El kurdo se acercaba ya a Femia, excitado a la vista de las joyas que cubrían a la mujer de la cabeza a los pies, cuando Masada lo cogió por el hombro y le preguntó:

– ¿Trato hecho?

– ¡Trato hecho! -exclamó el mercader.

El hombre estrechó la mano a Masada y corrió de nuevo hacia Femia. La mujer observaba a su marido con los ojos empañados de lágrimas. Sus joyas eran toda su belleza, su único ornamento. Había llegado a considerarlas algo natural, hasta tal punto formaban parte de ella. Sus collares, anillos, aretes, broches, zarcillos y brazaletes no la abandonaban nunca. Privada de sus perifollos, Femia se convertía en lo que era: una mujer gorda, fea y vieja. La esposa de Masada balbuceó unas palabras apenas audibles, que por otra parte nadie escuchó.

– ¡Vamos, mujer, ve a buscar a tu esclavo! -ordenó triunfalmente Masada, antes de dejar caer sin dirigirse a nadie en particular-: ¡Así se hacen negocios! ¡Ya podéis ir aprendiendo!

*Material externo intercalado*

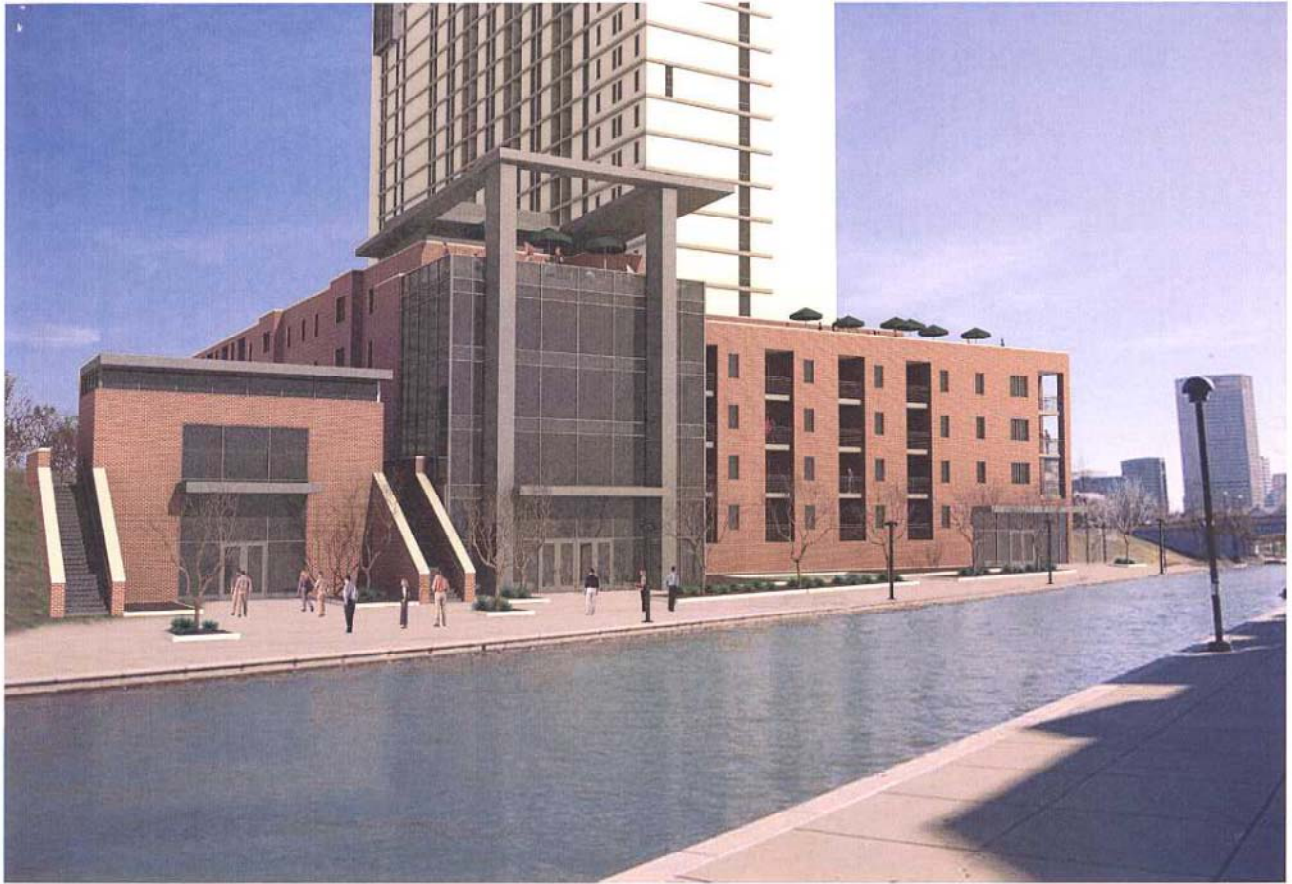
Rendering from canal looking toward the southeast - 2011-REG-151
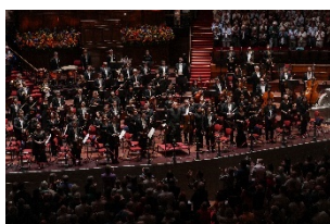
Jaap van Zweden and the HK Phil
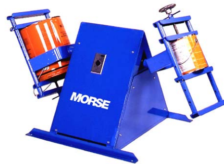
Model 2-305-1 shown
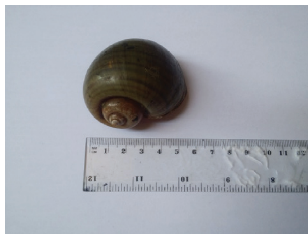
Figure(1): Lymnaea auricularia snail
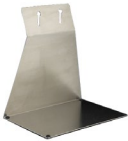
A813 Table Top Stand †
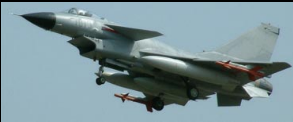
The Chengdu J-10 is clearly not a Lavi, but will be competitive against the Eurocanards in capabilities. It is the 'Lo' component of a 'Hi-Lo' mix with the Su-27/30.

Russia's industry is also heavily involved in the development of China's SD-10/PL-12 'Project 129' active radar homing beyond visual range missile. Similar in appear-
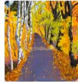
4. Autumn Afternoon
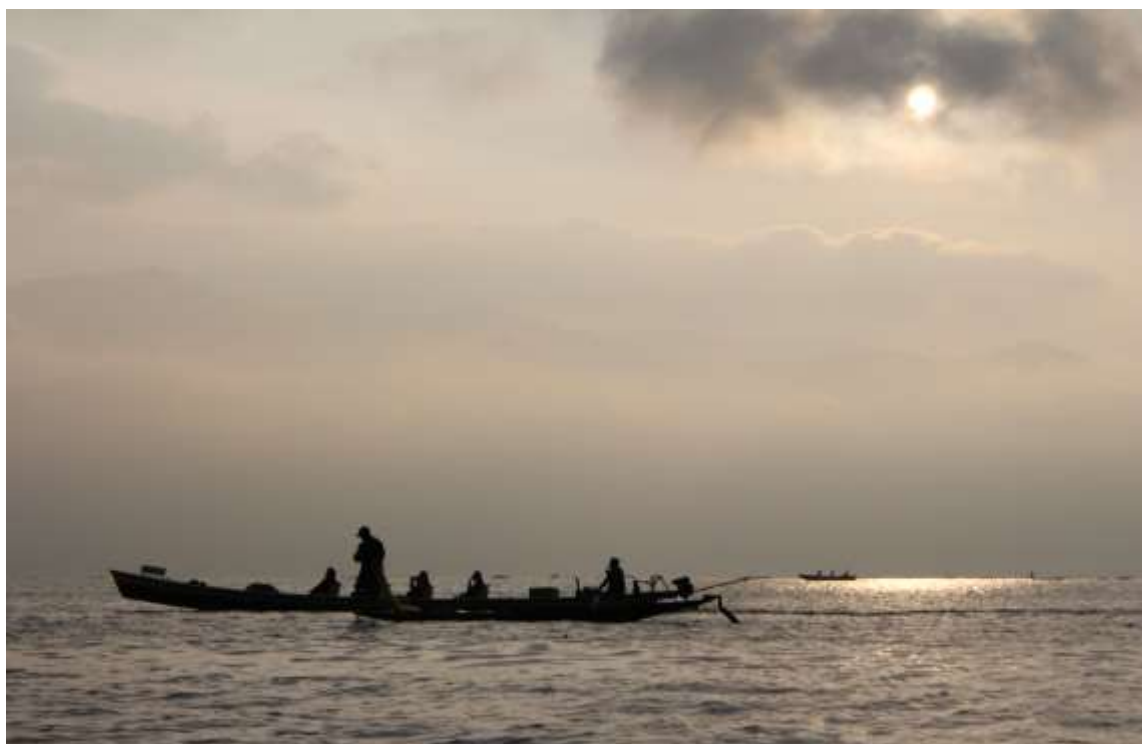
Villagers fishing to support their families at Inle Lake, the second largest lake in Myanmar.
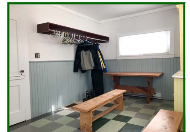
Large Mud Room
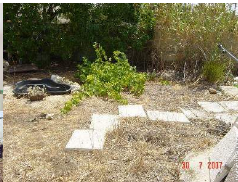
Outside at the guests disposal

El insulto era terrible, y Masada lo sabía. Pero, en aquella peripecia; el comerciante de reliquias había recuperado algo parecido al orgullo, algo del negociante seguro de sí mismo que era todavía no hacía mucho tiempo. Además, Morgennes le había prometido que lo ayudaría…

En el mismo momento en que el mercader de esclavos -que no había dejado a Femia más que un broche sin valor en forma de palmera- liberaba a los cautivos, el manco desenvainó su kandjar para atacar a Morgennes. A pesar de encontrarse muy maltrecho, el hospitalario tuvo el reflejo de agacharse. Así evitó la hoja por muy poco; dio una voltereta, retrocedió unos pasos y dejó que los mamelucos del mercader de esclavos tomaran el relevo mientras él se dirigía a la carreta.